Evaluation categories include:

# Block level annotation boxes
'title'               # Title
'text_block'          # Paragraph level plain text
'figure',             # Figure type
'figure_caption',     # Figure description/title
'figure_footnote',    # Figure notes
'table',              # Table body
'table_caption',      # Table description/title
'table_footnote',     # Table notes
'equation_isolated',  # Display formula
'equation_caption',   # Formula number
'header'              # Header
'footer'              # Footer
'page_number'         # Page number
'page_footnote'       # Page notes
'abandon',            # Other discarded content (e.g. irrelevant information in middle of page)
'code_txt',           # Code block
'code_txt_caption',   # Code block description
'reference',          # References

# Span level annotation boxes
'text_span'           # Span level plain text
'equation_ignore',    # Formula to be ignored
'equation_inline',    # Inline formula
'footnote_mark',      # Document superscripts/subscripts
Attribute Labels

Page classification attributes include:

'data_source': #PDF type classification
    academic_literature  # Academic literature
    PPT2PDF # PPT to PDF
    book # Black and white books and textbooks
    colorful_textbook # Colorful textbooks with images
    exam_paper # Exam papers
    note # Handwritten notes
    magazine # Magazines
    research_report # Research reports and financial reports
    newspaper # Newspapers

'language': #Language type
    en # English
    simplified_chinese # Simplified Chinese
    en_ch_mixed # English-Chinese mixed

'layout': #Page layout type
    single_column # Single column
    double_column # Double column
    three_column # Three column
    1andmore_column # One mixed with multiple columns, common in literature
    other_layout # Other layouts

'watermark': # Whether contains watermark
    true  
    false

'fuzzy_scan': # Whether blurry scanned
    true  
    false

'colorful_backgroud': # Whether contains colorful background, content to be recognized has more than two background colors
    true  
    false

Block level attribute - Table related attributes:

'table_layout': # Table orientation
    vertical # Vertical table
    horizontal # Horizontal table

'with_span': # Merged cells
    False
    True

'line': # Table borders
    full_line # Full borders
    less_line # Partial borders
    fewer_line # Three-line borders
    wireless_line # No borders

'language': # Table language
    table_en # English table
    table_simplified_chinese # Simplified Chinese table
    table_en_ch_mixed # English-Chinese mixed table

'include_equation': # Whether table contains formulas
    False
    True

'include_backgroud': # Whether table contains background color
    False
    True

'table_vertical' # Whether table is rotated 90 or 270 degrees
    False
    True

Block level attribute - Text paragraph related attributes:

'text_language': # Text language
    text_en  # English
    text_simplified_chinese # Simplified Chinese
    text_en_ch_mixed  # English-Chinese mixed

'text_background':  # Text background color
    white # Default value, white background
    single_colored # Single background color other than white
    multi_colored  # Multiple background colors

'text_rotate': # Text rotation classification within paragraphs
    normal # Default value, horizontal text, no rotation
    rotate90  # Rotation angle, 90 degrees clockwise
    rotate180 # 180 degrees clockwise
    rotate270 # 270 degrees clockwise
    horizontal # Text is normal but layout is vertical

Block level attribute - Formula related attributes:

'formula_type': # Formula type
    print  # Print
    handwriting # Handwriting

Evaluation

OmniDocBench has developed an evaluation methodology based on document component segmentation and matching.

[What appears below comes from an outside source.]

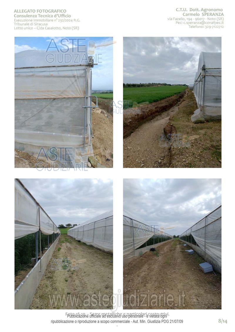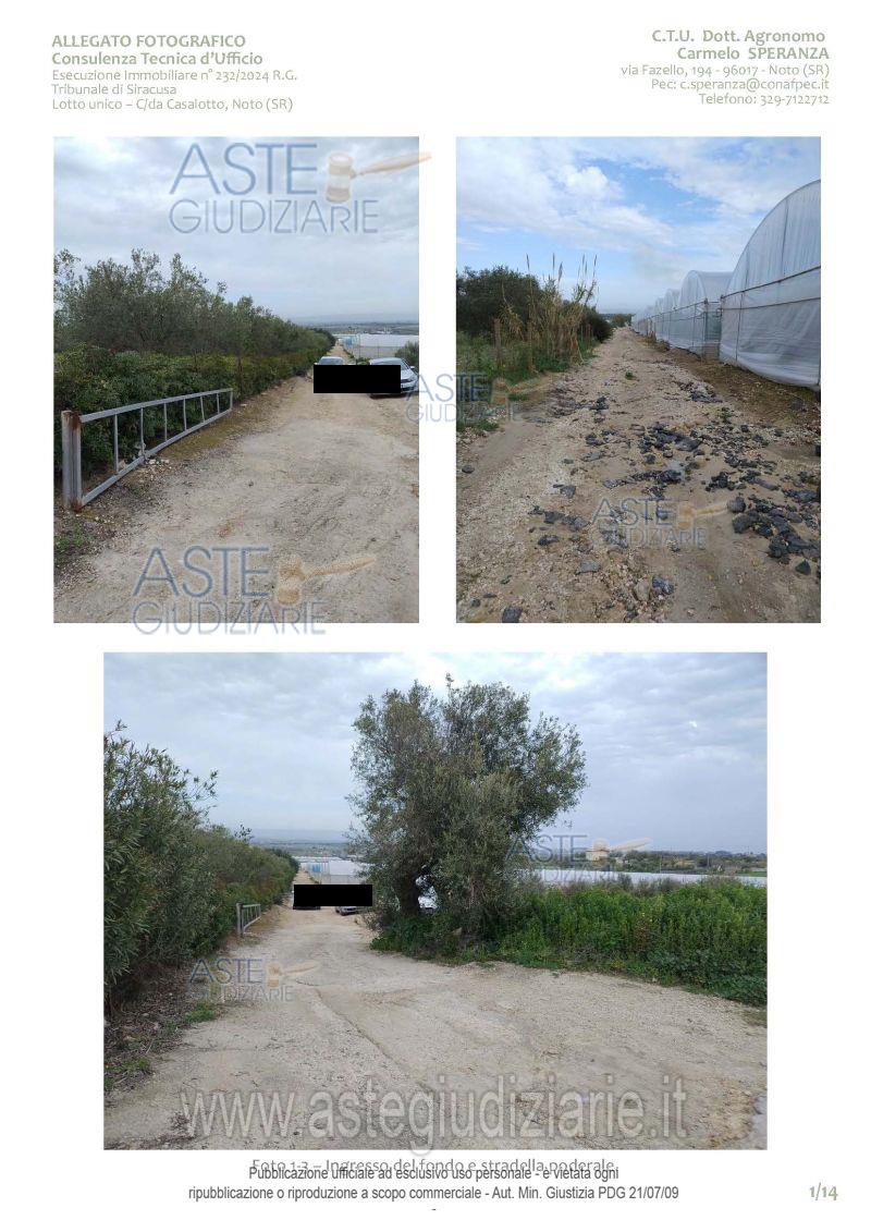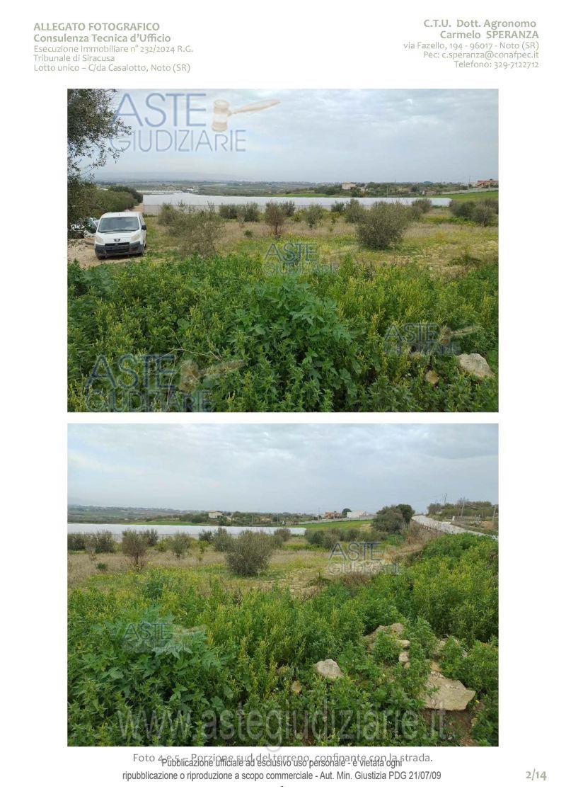 Vendita all'asta Senza incanto, con gara telematica sincrona mista - LOTTO UNICO: 1/1 Proprietà terreni agricoli in territorio di Noto, C.da Casalotto, censiti al C.T. del Comune di Noto, al foglio 421: p.lla 58, are 21, centiare 60; p.lla 129, are 77, centiare 40; p.lla 163, are 63, centiare 20; p.lla 190, ettari 1, are 26, centiare 30; p.lla 191, are 60, centiare 70; p.lla 192, are 55, centiare 30; p.lla 218, are 29, centiare 80; p.lla 238, are 55, centiare 40, per un totale di 48.970 m2, pari a 4 ettari, 89 are e 70 centiare, destinazione urbanistica Zona “E” Agricola. Prezzo base € 341.250,00 (offerta minima € 255.937,50). Data vendita 27/05/2026 ore 13:00. Giudice Maria Cristina Di Stazio. Professionista delegato alla vendita Avv. Fabio Condorelli - Email "fabiocondorelli76@gmail.com"; Cell. 3286214460; Tel. 0931976830. Custode Giudiziario Avv. Fabio Condorelli - Email "fabiocondorelli76@gmail.com"; Cell. 3286214460; Tel. 0931976830. Rif. Tribunale di Siracusa - Esecuzione immobiliare post legge 80 n. 232/2024

It provides corresponding metric calculations for four major modules: text, tables, formulas, and reading order. In addition to overall accuracy results, the evaluation also provides fine-grained evaluation results by page and attributes, precisely identifying pain points in model document parsing.

Environment Setup and Running

To set up the environment, simply run the following commands in the project directory:

conda create -n omnidocbench python=3.8
conda activate omnidocbench
pip install -r requirements.txt

All evaluation inputs are configured through config files. We provide templates for each task under the configs directory, and we will explain the contents of the config files in detail in the following sections.

After configuring the config file, simply pass it as a parameter and run the following code to perform the evaluation:

python pdf_validation.py --config <config_path>

End-to-End Evaluation

End-to-end evaluation assesses the model's accuracy in parsing PDF page content. The evaluation uses the model's Markdown output of the entire PDF page parsing results as the prediction.

Comprehensive evaluation of document parsing algorithms on OmniDocBench: performance metrics for text, formula, table, and reading order extraction, with overall scores derived from ground truth comparisons.
Method Type Methods TextEdit↓ FormulaEdit↓ FormulaCDM↑ TableTEDS↑ TableEdit↓ Read OrderEdit↓ OverallEdit↓
EN ZH EN ZH EN ZH EN ZH EN ZH EN ZH EN ZH
Pipeline Tools MinerU-0.9.3 0.058 0.211 0.278 0.577 66.9 49.5 79.4 62.7 0.305 0.461 0.079 0.288 0.180 0.384
Marker-0.2.17 0.141 0.303 0.667 0.868 18.4 12.7 54.0 45.8 0.718 0.763 0.138 0.306 0.416 0.560
Mathpix 0.101 0.358 0.306 0.454 71.4 72.7 77.9 68.2 0.322 0.416 0.105 0.275 0.209 0.376
Expert VLMs GOT-OCR 0.187 0.315 0.360 0.528 81.8 51.4 53.5 48.0 0.521 0.594 0.141 0.28 0.302 0.429
Nougat 0.365 0.998 0.488 0.941 17.4 16.9 40.3 0.0 0.622 1.000 0.382 0.954 0.464 0.973
General VLMs GPT4o 0.144 0.409 0.425 0.606 76.4 48.2 72.75 63.7 0.363 0.474 0.128 0.251 0.265 0.435
Qwen2-VL-72B 0.252 0.251 0.468 0.572 54.9 60.9 59.9 66.8 0.591 0.587 0.255 0.223 0.392 0.408
InternVL2-Llama3-76B 0.353 0.290 0.543 0.701 69.8 49.6 63.8 61.1 0.616 0.638 0.317 0.228 0.457 0.464

More detailed attribute-level evaluation results are shown in the paper.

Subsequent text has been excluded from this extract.